Bafetinib (INNO-406; NS187) 859212-16-1_Bcr-Abl_Angiogenesis_Signaling Pathways_Products

Bafetinib (formerly INNO406; NS-187), an investigational anticancer drug originally developed by Nippon Shinyaku and later licensed to CytRx, is an orally bioavailable dual Bcr-Abl/Lyn inhibitor with potential antineoplastic activity. It inhibits Bcr-Abl/Lyn with IC50s of 5.8 nM/19 nM in cell-free assays.
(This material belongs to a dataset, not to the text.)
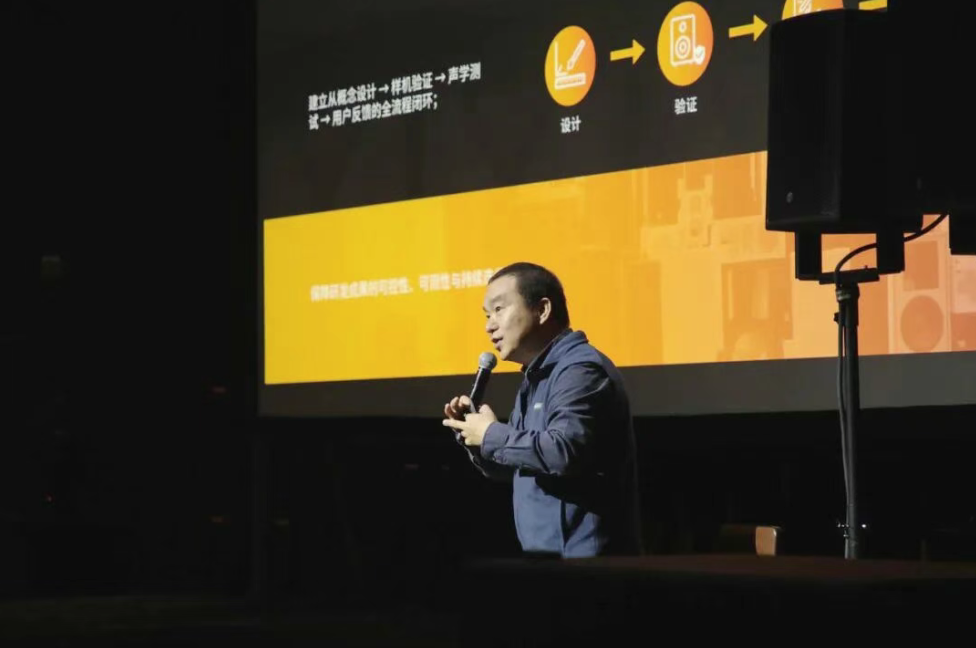 首先,张涛先生向在场嘉宾详细介绍了易科国际在东莞松山湖东部工业园区投建的研发生产基地。该基地投资5亿元,占地 30 亩,建筑面积近 10 万平方米,设有自主品牌体验中心、研发实验室、半(全)消声室、声学测评中心、模拟声场分析平台、生产制造车间,以及各种不同类型的产品检测实验场地,为研发与生产制造提供了坚实基础。易科的“技术 + 艺术”研发体系是产品的有力支撑,从概念设计、样机验证、声学测试到用户反馈全流程闭环,确保产品可控可测。

In Bcr-Abl–positive KU812 mouse model, Bafetinib significantly inhibited tumor growth, and completely inhibited tumor growth without causing adverse effects at a dose of 20 mg/kg/day.

Physicochemical Properties

Molecular Formula	C30H31F3N8O
Molecular Weight	576.62
Exact Mass	576.257
CAS #	859212-16-1
Related CAS #	859212-16-1;887650-05-7;
PubChem CID	11387605
Appearance	Light yellow to yellow solid powder
Density	1.4±0.1 g/cm3
Melting Point	166-168°C
Index of Refraction	1.640
LogP	3.03
Hydrogen Bond Donor Count	2
Hydrogen Bond Acceptor Count	11
Rotatable Bond Count	8
Heavy Atom Count	42
Complexity	872
Defined Atom Stereocenter Count	1
SMILES	CC1=C(C=C(C=C1)NC(=O)C2=CC(=C(C=C2)CN3CC[C@@H](C3)N(C)C)C(F)(F)F)NC4=NC=CC(=N4)C5=CN=CN=C5
InChi Key	ZGBAJMQHJDFTQJ-DEOSSOPVSA-N
InChi Code	InChI=1S/C30H31F3N8O/c1-19-4-7-23(13-27(19)39-29-36-10-8-26(38-29)22-14-34-18-35-15-22)37-28(42)20-5-6-21(25(12-20)30(31,32)33)16-41-11-9-24(17-41)40(2)3/h4-8,10,12-15,18,24H,9,11,16-17H2,1-3H3,(H,37,42)(H,36,38,39)/t24-/m0/s1
Chemical Name	(S)-N-(3-([4,5'-bipyrimidin]-2-ylamino)-4-methylphenyl)-4-((3-(dimethylamino)pyrrolidin-1-yl)methyl)-3-(trifluoromethyl)benzamide
Synonyms	INNO-406; INNO 406; NS187; NS187; INNO406;NS-187; NS 187
HS Tariff Code	2934.99.9001
Storage	Powder-20°C 3 years 4°C 2 years In solvent -80°C 6 months -20°C 1 month
Shipping Condition	Room temperature (This product is stable at ambient temperature for a few days during ordinary shipping and time spent in Customs)

Biological Activity

ln Vitro

In vitro activity: Bafetinib blocks WT Bcr-Abl autophosphorylation and its downstream kinase activity with IC50 of 11 nM and 22 nM in K562 and 293T cells, respectively. Bafetinib suppresses the growth of the Bcr-Abl-positive cell lines including K562, KU812, and BaF3/wt cells potently without effects on the proliferation of the Bcr-Abl-negative U937 cell line. Moreover, Bafetinib exhibits a dose-dependent antiproliferative effect against Bcr-Abl point mutant cell lines, such as BaF3/E255K cells. In Bcr-Abl+ leukemia cell lines, Bafetinib induces both caspase-mediated and caspase-independent cell death by blocking the phosphorylation of Bcr-Abl.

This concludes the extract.